As one of the limited undergraduate schools in the United States with a cadaver lab, Missouri Southern State University offers a unique opportunity to its students pursuing careers in health sciences. Students taking classes such as Anatomy, Physiology, and Advanced Human Dissection are able to interact with human cadavers on a daily basis. Furthermore, many students perform epidemiological and health research at an undergraduate level in which they utilize the cadavers. Recently, MSSU has purchased an advanced technological resource to add to its cadaver lab: a virtual anatomical table which allows students to gain from a highly immersive and interactive experience.

A costly expenditure, the Anatomage Table has many benefits: it allows up to 8 students at a time to view minute anatomical details without interacting with a real human body, and helps students to see the effects of various pathological variations on humans.
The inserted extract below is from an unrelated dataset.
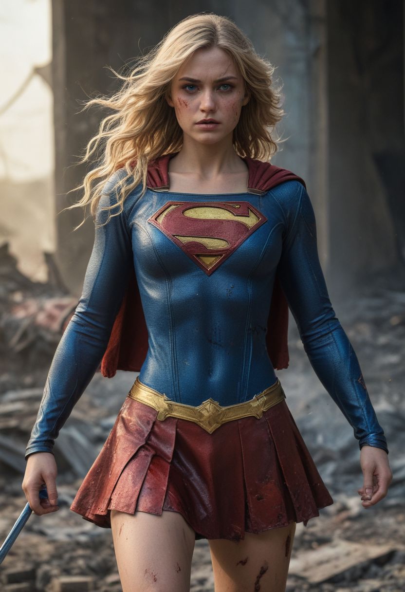 High resolution ultra-realistic of beautiful Supergirl with wavy blonde hair, Greg Rutkowski, Intricately Designed Handsome dirty bloody face, Realistic beautiful blue eyes, Atrractive 21 years old woman, clad in intricate dirty torn combat costume, red mini skirt, blood-smeared, DC Comics elements, Standing on the battlefield in the bloody carnage, burning ruins of buildings, fighting pose, full body, Intricately Designed combat costume, 8K, ultra-realistic body, Beautiful Warrior Supergirl with wavy blonde hair, realistic dirty and bloody face, realistic beautiful blue eyes, defiant and seductive, covered in dirt and blood, Cinematic Lighting, sharp focus, digital painting, Photograph Taken on Nikon D750, Alphonse Mucha, 8K, athletic figure, Hyperdetailed, hyperrealism

Dr. Alla Barry, a professor of Anatomy and Physiology, Pathophysiology, and Advanced Human Dissection at MSSU, has explored the various functions of the table, and comments that it “provides an immersive and interactive learning experience for students and medical professionals. Users can explore anatomical structures in 3D, dissect virtual cadavers, and visualize complex anatomical relationships dynamically, enhancing understanding and retention.” She also says that “the Anatomage Table accurately represents human anatomy, [which] allows for a deeper understanding of anatomical structures [and] is particularly valuable for medical education and

surgical planning.” As an educator, she finds it extremely helpful that professors can “create custom presentations and case studies using the Anatomage Table, tailoring content to specific learning objectives or clinical scenarios.” The Anatomage Table also has important uses for clinical practice, as students can “simulate surgical procedures, pathology cases, and medical imaging techniques such as CT scans and MRI scans, [allowing] them to practice skills in a safe and controlled environment before working with real patients.” A last benefit Dr. Barry finds is that “some versions of the Anatomage Table support remote access, allowing students to engage with the content from anywhere with an internet connection.” As virtual learning becomes more prevalent, she comments that “this feature is particularly valuable in situations where students cannot physically access the Table.”
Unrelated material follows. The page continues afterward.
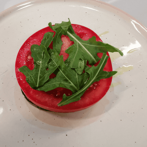 Сверху добавить листья руколы.

Few students have first handedly interacted with the cadaver table as of now, but one pre-medical student who was able to take a glimpse into the uses it offered was interviewed. When asked about a unique feature that the table offers, Aadhya Subhash, a second-year student in the MKEAP program at MSSU, said it has the “ability to produce a life-size image or visual image of the human body”. Furthermore, she finds it helpful to students’ understanding of anatomy because it allows for students to “highlight specific nerves or muscles or parts of the bones of the body”. Aadhya also mentioned that, alongside the real human cadavers in the lab, the table gives “a 3-D outlook on how certain nerves or bones in the body may appear as opposed to just viewing it through a two-dimensional textbook or image”, and allows for easy

digestion and understanding of course material. Lastly, she likes that students can emphasize and focus on specific areas of the body.

With the new Health Sciences Innovation Center on the way and other science and health resources being added to the school, MSSU is taking strides in providing opportunities for pre-health

students. The addition of the digital anatomical table to MSSU’s renowned cadaver lab will be greatly helpful when paired with cadavers and other unique health resources and facilities.